■ **MATERIAL FOR THIS TASK**
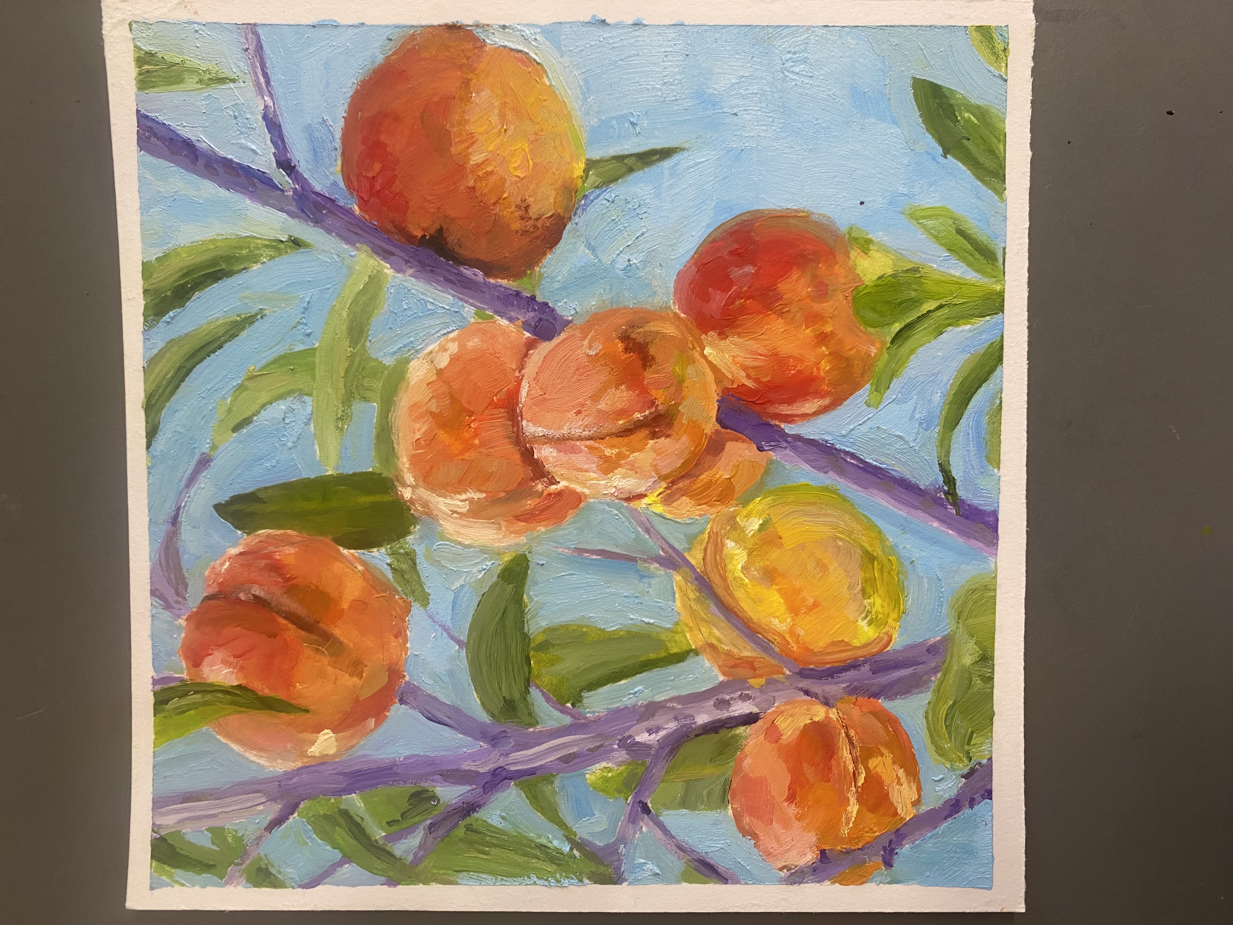 This painting is oil on paper, inspired by a picture of peaches, and I love the vibrancy and natural colours in the image, however I wanted to recreate it with visual focus on the peaches and an extra vibrant colour palette. This painting was painted during winter, when I was extra missing summer.
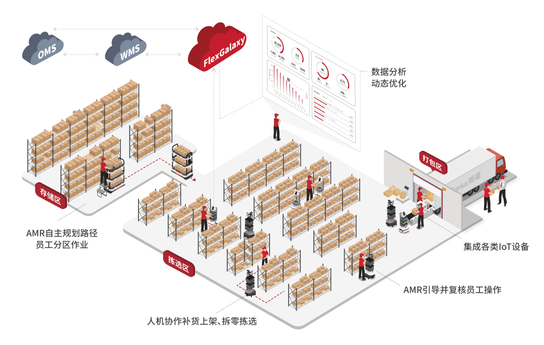 在Syrius炬星真柔性整倉解決方案中,AMR的工作任務(wù)基于FlexGalaxy云服務(wù)平臺,F(xiàn)lexGalaxy深度接入倉庫管理系統(tǒng),得以打通庫內(nèi)整體信息流,同時調(diào)整AMR作業(yè)流程、調(diào)度AMR集群,提升作業(yè)效率。
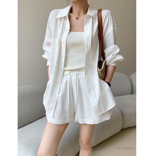 흰셔츠 와이드 반바지 팬츠 코디세트 얇은 루즈핏블라우스 밴딩 츄리닝
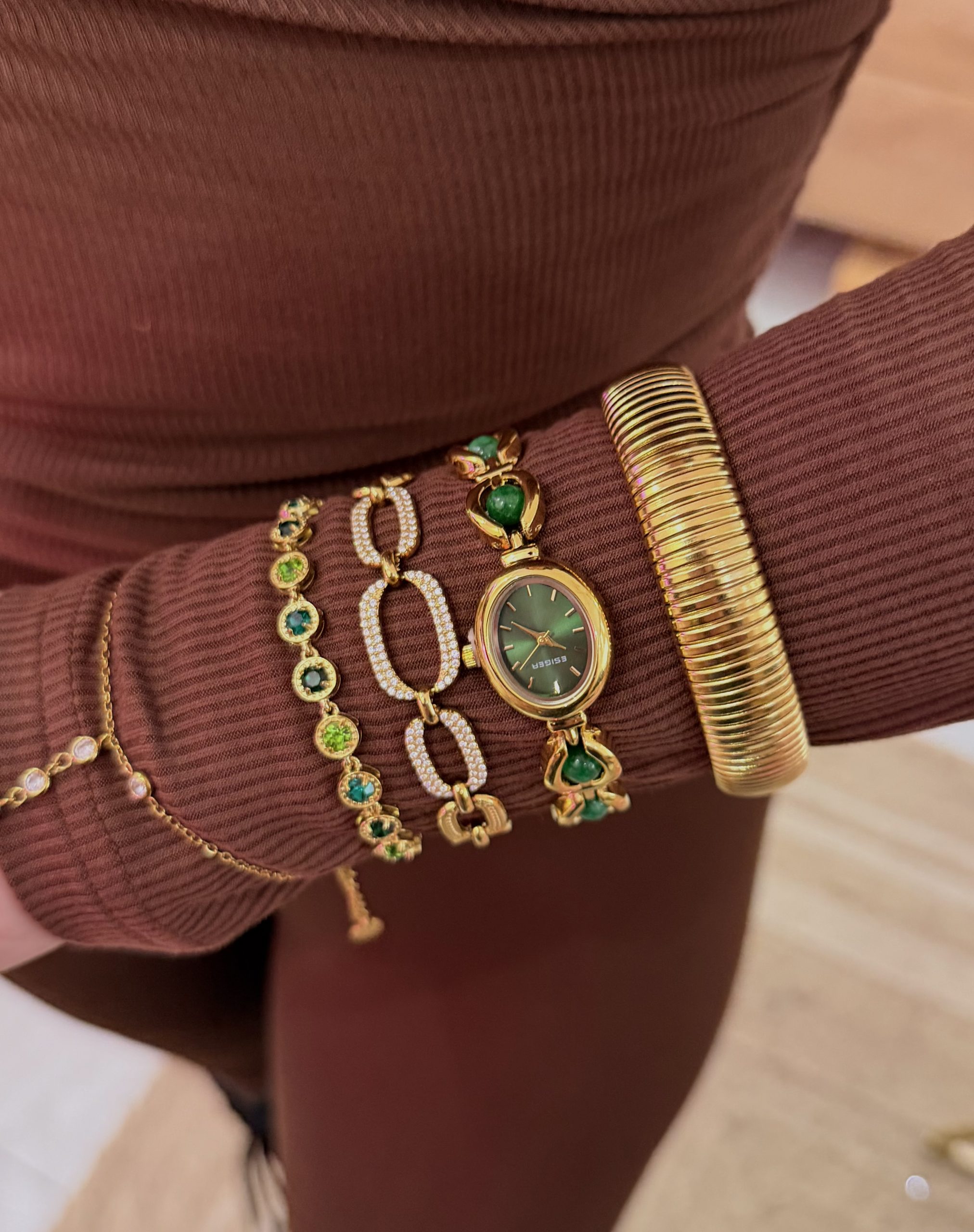 Κράμα χαλκού και ψευδαργύρου, με χρυσή όψη και εξαιρετική αντοχή. Είναι ιδανικό για statement κοσμήματα. Μπορεί να οξειδώνεται με τον καιρό, κάτι που μπορεί να προληφθεί με σωστή φροντίδα και αποθήκευση.
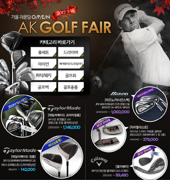 온라인쇼핑몰 AK몰(www.akmall.com)이 가을 라운딩을 위한 'AK 골프 페어'를 열고 골프 클럽 및 용품을 최고 50%까지 할인 판매한다.
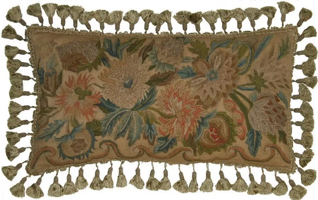 Overall measurements (inches) 16H x 24W x 4D. This refined new hand-embroidered throw pillow features an elegant design of flowers in muted tones of brown/beige. The artful throw pillow is accented by a soft green and bronze tassel trim. Backed in beige canvas, the reverse features a zip to access the down and feather insert. The hand-embroidered throw pillow will work beautifully in either a traditional or contemporary style decor. Overall Condition is New. Material(s): Canvas. Style: Traditional. Dates to circa New.
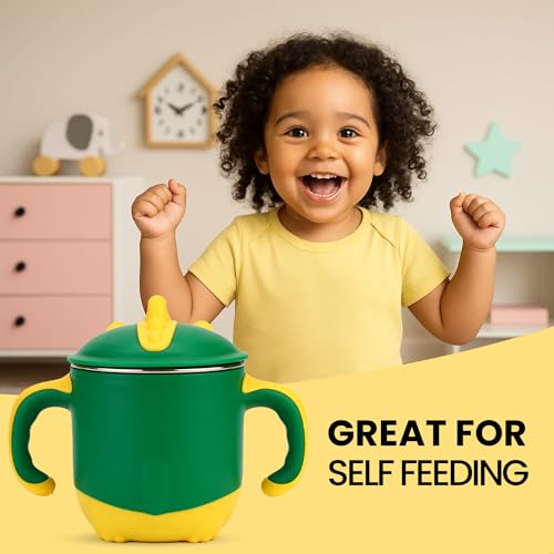 - Ergonomic Design for Toddlers: Crafted with dual easy-to-grip handles, this baby sipper cup for 1-year-olds helps toddlers transition from bottles to regular cups, promoting independent drinking. The design makes it compatible with other baby feeding essentials, including baby water bottles and steel sipper bottles for kids. A thoughtful gift for baby showers, first birthdays, or new moms.
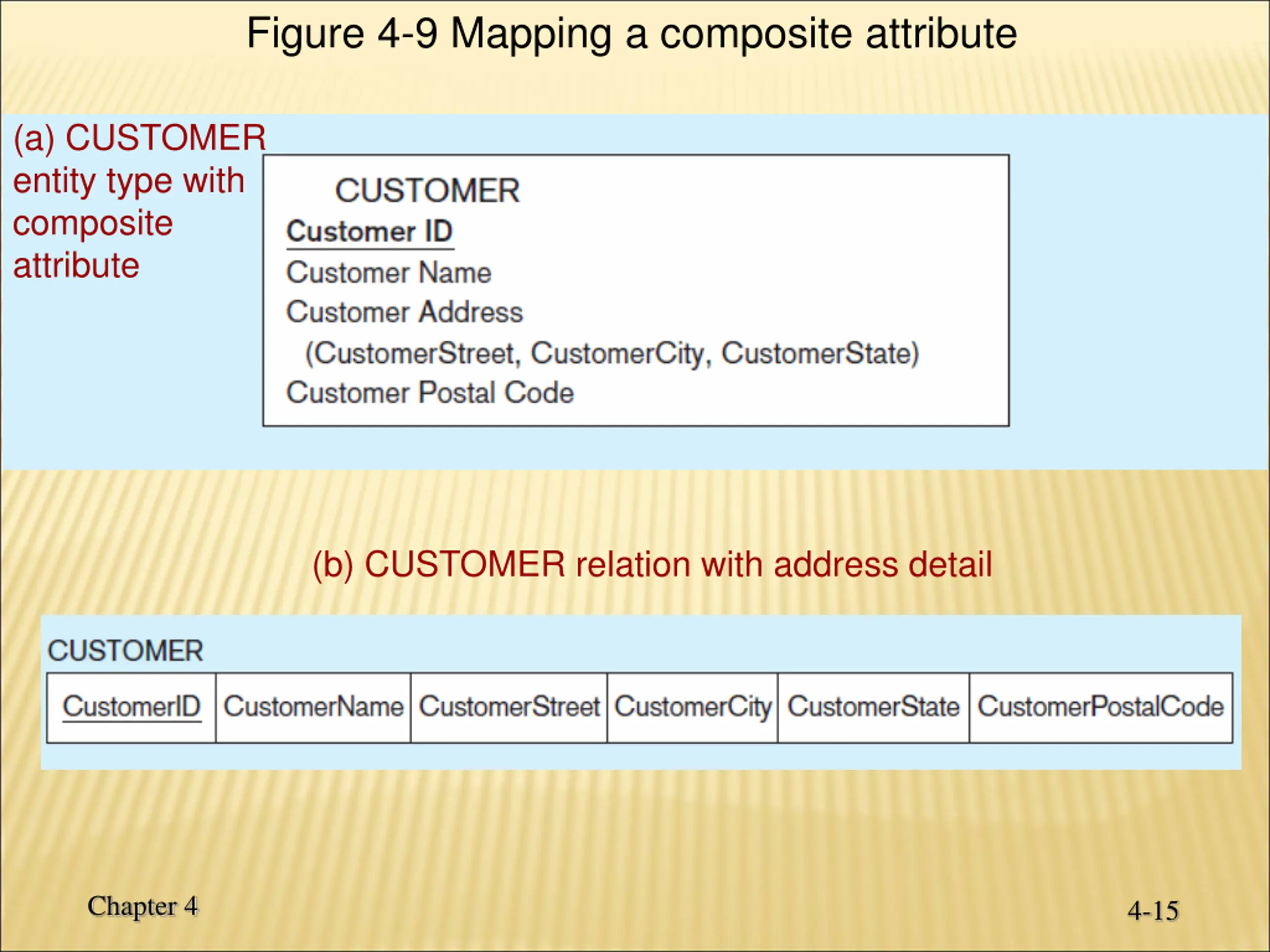 Figure 4-9 Mapping a composite attribute (a) CUSTOMER entity type with composite attribute (b) CUSTOMER relation with address detail Chapter 4 4-15
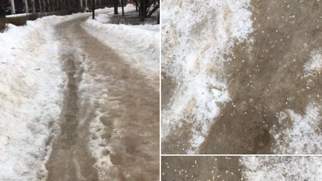 С дорожек в Чапаевском парке реагенты убирают вручную
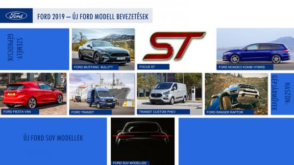 A Ford a 2019-es évre is tartogat meglepetéseket. A személyautó piacra május körül érkezik majd a Mustangból már ismert 2.3 Ecoboost motor 280 lóerős változatával szerelt Focus ST 5 ajtós és kombi kivitelben. Idén érkezik a megújult Mondeo, mely hibrid változata Kombi kivitelben is elérhető lesz. A legnagyobb dobást azonban az év végére tartogatja majd a Ford, amikor is SUV családjába érkezik számos megújult, vagy éppen Európában most először bemutatkozó modell, köztük a vadonatúj Kuga, és az eddig csak a tengerentúlon kapható Explorer legújabb változata is. És az újdonságoknak ezzel még koránt sincs vége, hisz idén várható a Craiovában készülő újabb B platformos kis SUV (Puma), sőt az 2019 végén bemutatkozó teljesen elektromos új Ford SUV is, melyhez az ihletet a legendás Mustang adta. A haszongépjármű piacon ugyancsak izgalmas év várható a Fordnál, hisz érkezik a megújuló Ranger mellett a különleges, tereprallyra termett Ranger Raptor is. A városi áru- és személyszállításban pedig az megújuló Tranzit modellek és az ősszel érkező, környezetbarát Transit Custom PHEV segít, mely 1.0 Ecoboost motorja mellett hálózatról tölthető akkumulátora akár 50 km tisztán elektromos használatot is lehetővé tesz majd.

■ **EXERCISE AIM**
Only one stretch of the entries above is needed: the lines from the one containing "흰셔츠 와이드 반바지 팬츠 코디세트 얇은 루즈핏블라우스 밴딩 츄리닝" through the one containing "Overall measurements (inches)". Copy it exactly, without the pictures.

■ **ANSWER**
 흰셔츠 와이드 반바지 팬츠 코디세트 얇은 루즈핏블라우스 밴딩 츄리닝
 Κράμα χαλκού και ψευδαργύρου, με χρυσή όψη και εξαιρετική αντοχή. Είναι ιδανικό για statement κοσμήματα. Μπορεί να οξειδώνεται με τον καιρό, κάτι που μπορεί να προληφθεί με σωστή φροντίδα και αποθήκευση.
 온라인쇼핑몰 AK몰(www.akmall.com)이 가을 라운딩을 위한 'AK 골프 페어'를 열고 골프 클럽 및 용품을 최고 50%까지 할인 판매한다.
 Overall measurements (inches) 16H x 24W x 4D. This refined new hand-embroidered throw pillow features an elegant design of flowers in muted tones of brown/beige. The artful throw pillow is accented by a soft green and bronze tassel trim. Backed in beige canvas, the reverse features a zip to access the down and feather insert. The hand-embroidered throw pillow will work beautifully in either a traditional or contemporary style decor. Overall Condition is New. Material(s): Canvas. Style: Traditional. Dates to circa New.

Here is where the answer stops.